╔══

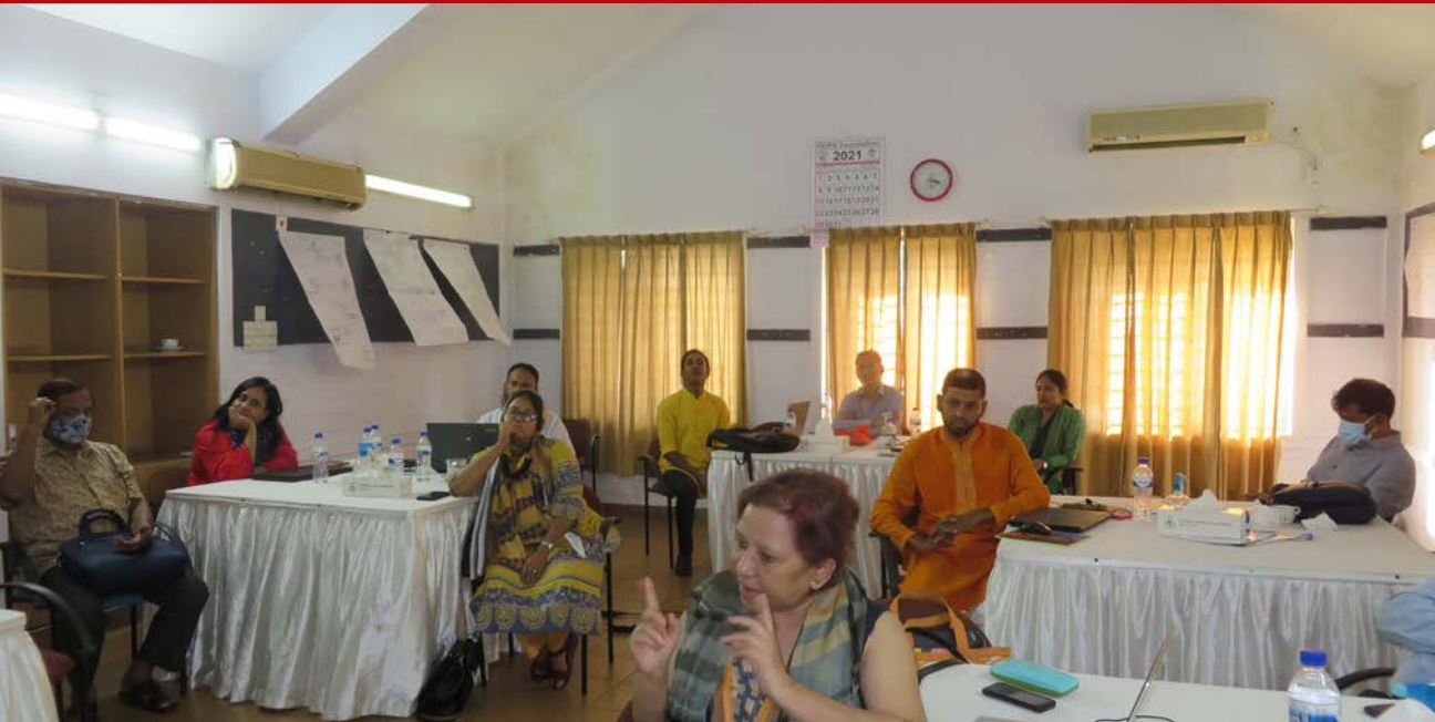
A photograph of a ToT programme on digital security and hygiene held in Dhaka from 27-29 October, 2021 supported by Internews.
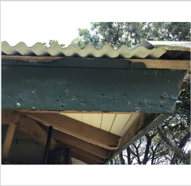
Waianapanapa State Park_Comfort Station Reroof
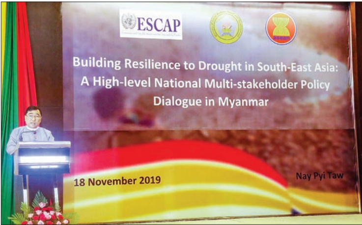
Union Minister Dr Win Myat Aye delivers the speech at the high-level national multi-stakeholder policy dialogue in Myanmar held in Nay Pyi Taw on 18 November.
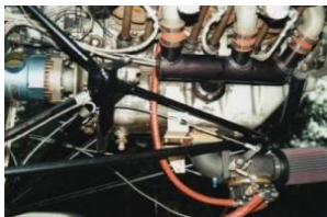
Continental O-300-D lower side
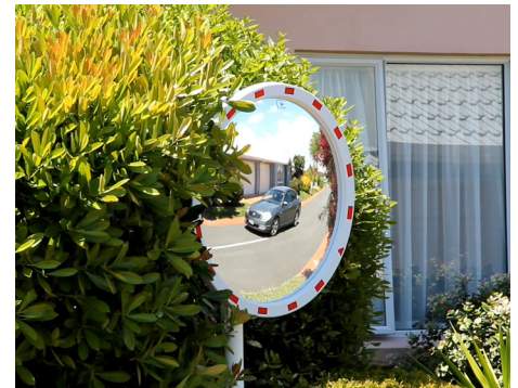
▶ Blind Corners
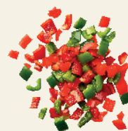
Pepper mix Pepper green, pepper red
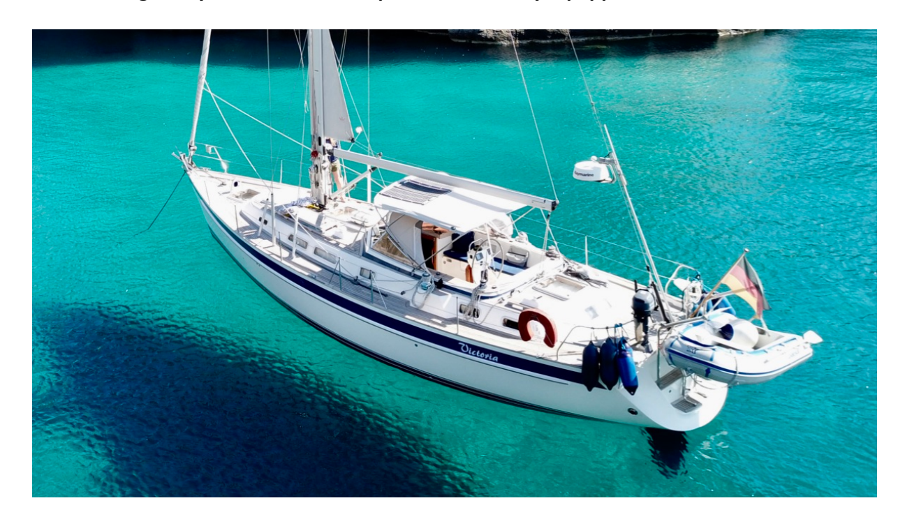
Hallberg-Rassy 43 - Victoria, in top conditions, fully equipped, for sale EUR 300.000

Victoria is in top conditions, with all annual services maintained and fully equipped with many up to date extras, ready to sail! Victoria is registered in Germany and the EU tax has been paid. Push button sailing for small crew perfect, hydraulic main and jib furling and all electrical winches. The boat has a strong Volvo Penta 75hp diesel engine and 8hp bow thruster. Large water and fuel tanks make the yacht independent, in combination with generator, solar cells and a washing machine. Victoria is fully air conditioned and equipped with Webasto heating system. The navigation instruments are up to date including a new Raymarine Axiom plotter. The boat is currently in Greece.

╚══

PROBLEM TO WORK ON:
Please copy the records above word for word, omitting every picture.

RESULT FOR THIS TASK:
A photograph of a ToT programme on digital security and hygiene held in Dhaka from 27-29 October, 2021 supported by Internews.
Waianapanapa State Park_Comfort Station Reroof
Union Minister Dr Win Myat Aye delivers the speech at the high-level national multi-stakeholder policy dialogue in Myanmar held in Nay Pyi Taw on 18 November.
Continental O-300-D lower side
▶ Blind Corners
Pepper mix Pepper green, pepper red
Hallberg-Rassy 43 - Victoria, in top conditions, fully equipped, for sale EUR 300.000

Victoria is in top conditions, with all annual services maintained and fully equipped with many up to date extras, ready to sail! Victoria is registered in Germany and the EU tax has been paid. Push button sailing for small crew perfect, hydraulic main and jib furling and all electrical winches. The boat has a strong Volvo Penta 75hp diesel engine and 8hp bow thruster. Large water and fuel tanks make the yacht independent, in combination with generator, solar cells and a washing machine. Victoria is fully air conditioned and equipped with Webasto heating system. The navigation instruments are up to date including a new Raymarine Axiom plotter. The boat is currently in Greece.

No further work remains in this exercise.